Supplied information

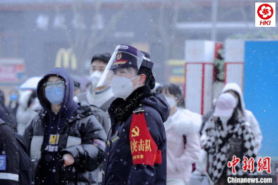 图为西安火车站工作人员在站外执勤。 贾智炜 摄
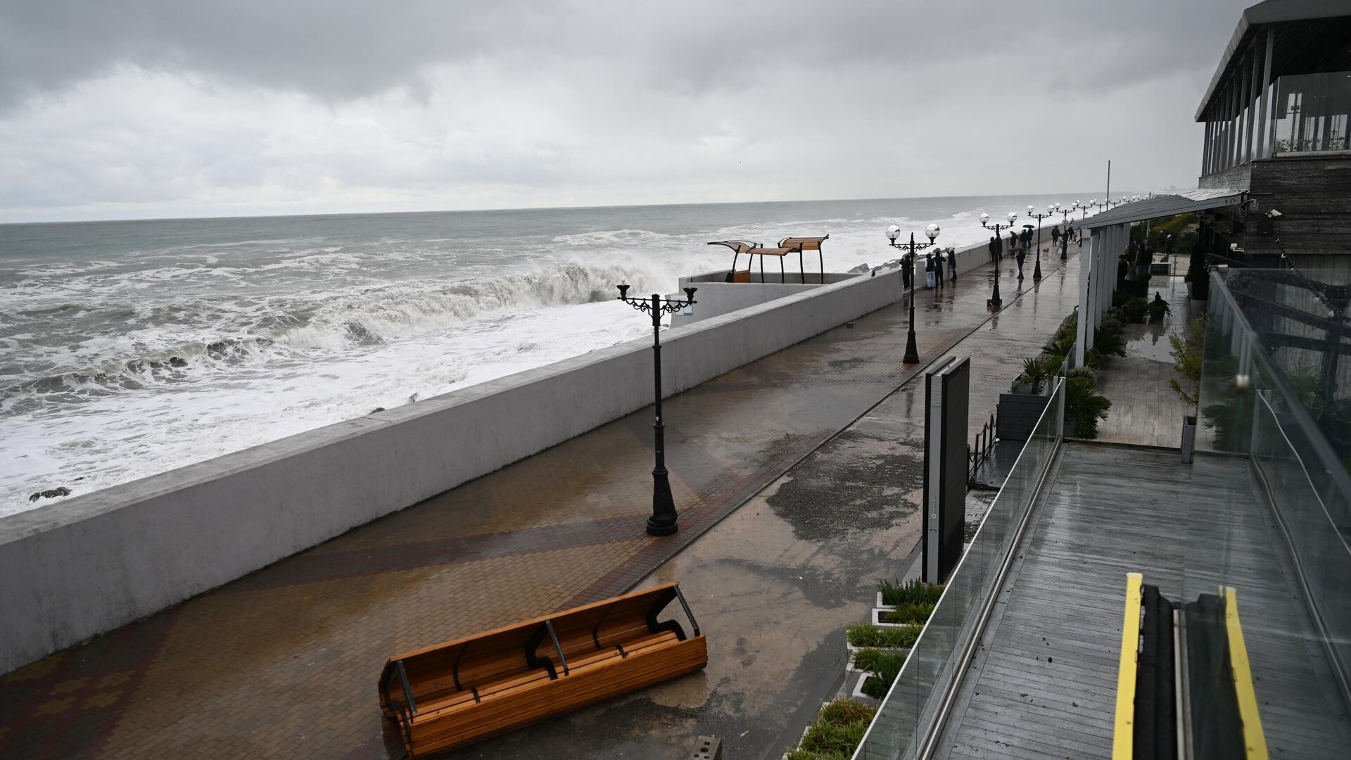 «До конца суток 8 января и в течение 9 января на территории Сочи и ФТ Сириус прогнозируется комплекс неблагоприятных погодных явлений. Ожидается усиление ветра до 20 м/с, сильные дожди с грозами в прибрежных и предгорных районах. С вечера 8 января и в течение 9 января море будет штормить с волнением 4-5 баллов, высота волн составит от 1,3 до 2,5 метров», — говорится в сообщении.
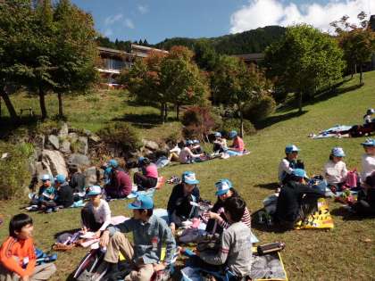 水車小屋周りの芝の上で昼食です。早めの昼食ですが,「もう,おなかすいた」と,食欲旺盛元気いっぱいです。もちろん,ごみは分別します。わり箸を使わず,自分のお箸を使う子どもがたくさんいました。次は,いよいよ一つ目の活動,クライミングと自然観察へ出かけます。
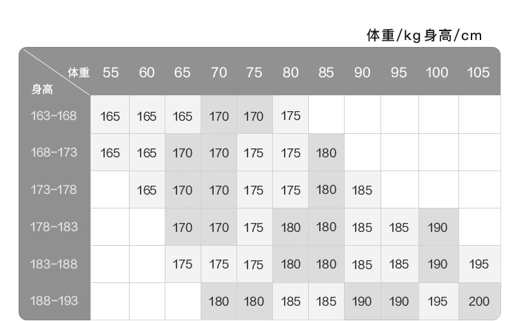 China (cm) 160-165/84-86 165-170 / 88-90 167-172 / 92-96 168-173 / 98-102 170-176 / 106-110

Required action
Copy exactly, please, every line from the one holding "говорится в сообщении." through the last line of the data, both ends included, and no pictures.

Exercise response
 «До конца суток 8 января и в течение 9 января на территории Сочи и ФТ Сириус прогнозируется комплекс неблагоприятных погодных явлений. Ожидается усиление ветра до 20 м/с, сильные дожди с грозами в прибрежных и предгорных районах. С вечера 8 января и в течение 9 января море будет штормить с волнением 4-5 баллов, высота волн составит от 1,3 до 2,5 метров», — говорится в сообщении.
 水車小屋周りの芝の上で昼食です。早めの昼食ですが,「もう,おなかすいた」と,食欲旺盛元気いっぱいです。もちろん,ごみは分別します。わり箸を使わず,自分のお箸を使う子どもがたくさんいました。次は,いよいよ一つ目の活動,クライミングと自然観察へ出かけます。
 China (cm) 160-165/84-86 165-170 / 88-90 167-172 / 92-96 168-173 / 98-102 170-176 / 106-110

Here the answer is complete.